Hi there, please have a look at the tutorials here: PhyloPhlAn3 · biobakery/biobakery Wiki · GitHub and in particular, you might be interested in:
- PhyloPhlAn 3.0: Example 03: Metagenomic application · biobakery/biobakery Wiki · GitHub
- PhyloPhlAn 3.0: Example 04: E. coli · biobakery/biobakery Wiki · GitHub
- PhyloPhlAn 3.0: Example 05: Proteobacteria · biobakery/biobakery Wiki · GitHub
If you should need more details about configurations and parameters you can refer to the PhyloPhlAn wiki here: Home · biobakery/phylophlan Wiki · GitHub
I hope these are of help.
Many thanks,
Francesco
Thanks a lot for you support.
I am trying to use the tutorial on Metagenomic application.
I locate my bin.fa in a folder called input_metagenomic but when I run these commands
phylophlan_metagenomic \
-i input_metagenomic \
-o output_metagenomic \
--nproc 4 \
-n 1 \
-d SGB.Jan19 \
--verbose 2>&1 | tee phylophlan_metagenomic.log
I get the following error result:
Traceback (most recent call last):
File "/opt/miniconda3/envs/phylophlan-2020.5/bin/phylophlan_metagenomic", line 7, in <module>
from phylophlan.phylophlan_metagenomic import phylophlan_metagenomic
File "/opt/miniconda3/envs/phylophlan-2020.5/lib/python3.8/site-packages/phylophlan/phylophlan_metagenomic.py", line 29, in <module>
import pandas as pd
File "/opt/miniconda3/envs/phylophlan-2020.5/lib/python3.8/site-packages/pandas/__init__.py", line 29, in <module>
from pandas._libs import hashtable as _hashtable, lib as _lib, tslib as _tslib
File "/opt/miniconda3/envs/phylophlan-2020.5/lib/python3.8/site-packages/pandas/_libs/__init__.py", line 13, in <module>
from pandas._libs.interval import Interval
File "pandas/_libs/interval.pyx", line 1, in init pandas._libs.interval
ValueError: numpy.ndarray size changed, may indicate binary incompatibility. Expected 88 from C header, got 80 from PyObject
Thanks for reporting this. I don’t think it is related to PhyloPhlAn, and from a quick search, it seems it could be related to the numpy library.

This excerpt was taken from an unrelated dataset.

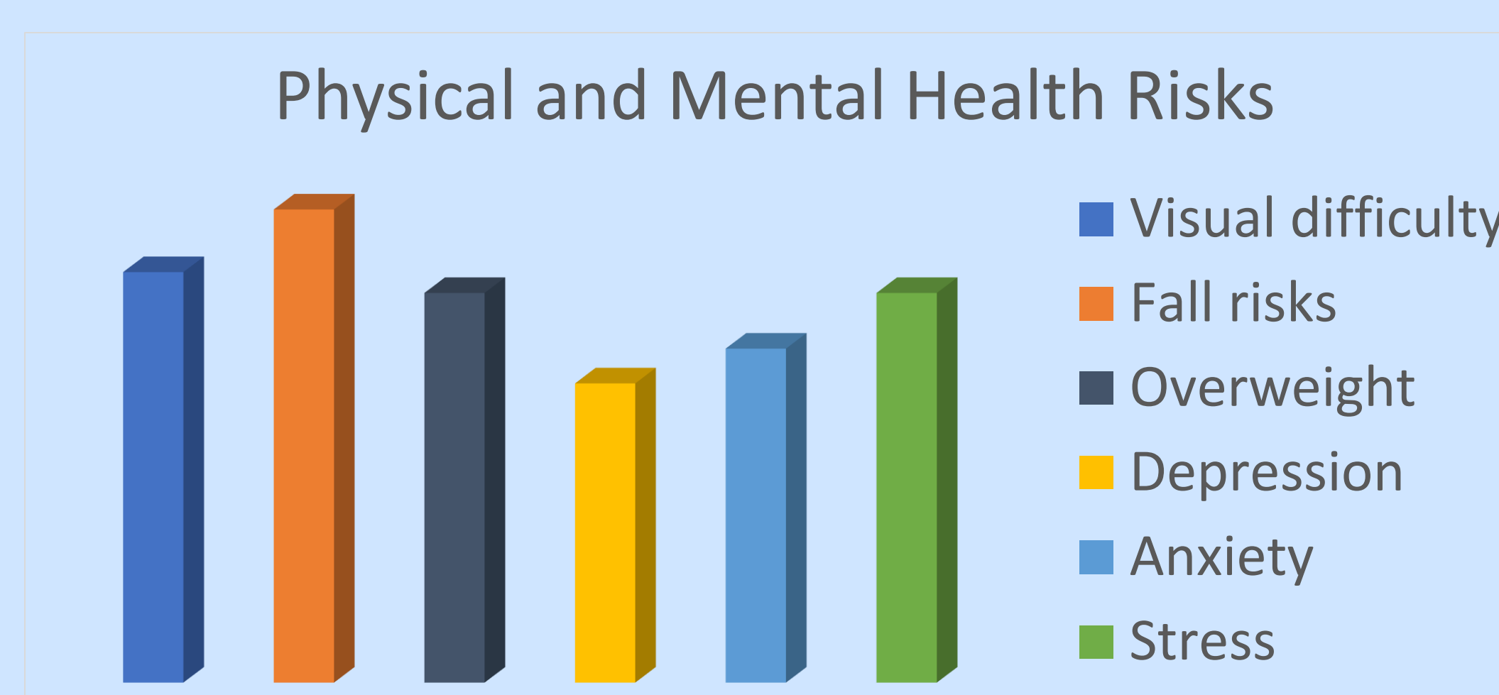
Fig 2. Physical and Mental Health Risks

Can you try re-installing numpy in the phylophlan-2020.5
env?
Thanks, Francesco
Thanks a lot Francesco for your support, no it is working but I am getting another error…maybe because as reference I have only one species
File "/opt/miniconda3/envs/phylophlan-2020.5/bin/phylophlan", line 10, in <module>
sys.exit(phylophlan_main())
File "/opt/miniconda3/envs/phylophlan-2020.5/lib/python3.8/site-packages/phylophlan/phylophlan.py", line 3200, in phylophlan_main
standard_phylogeny_reconstruction(project_name, configs, args, db_dna, db_aa)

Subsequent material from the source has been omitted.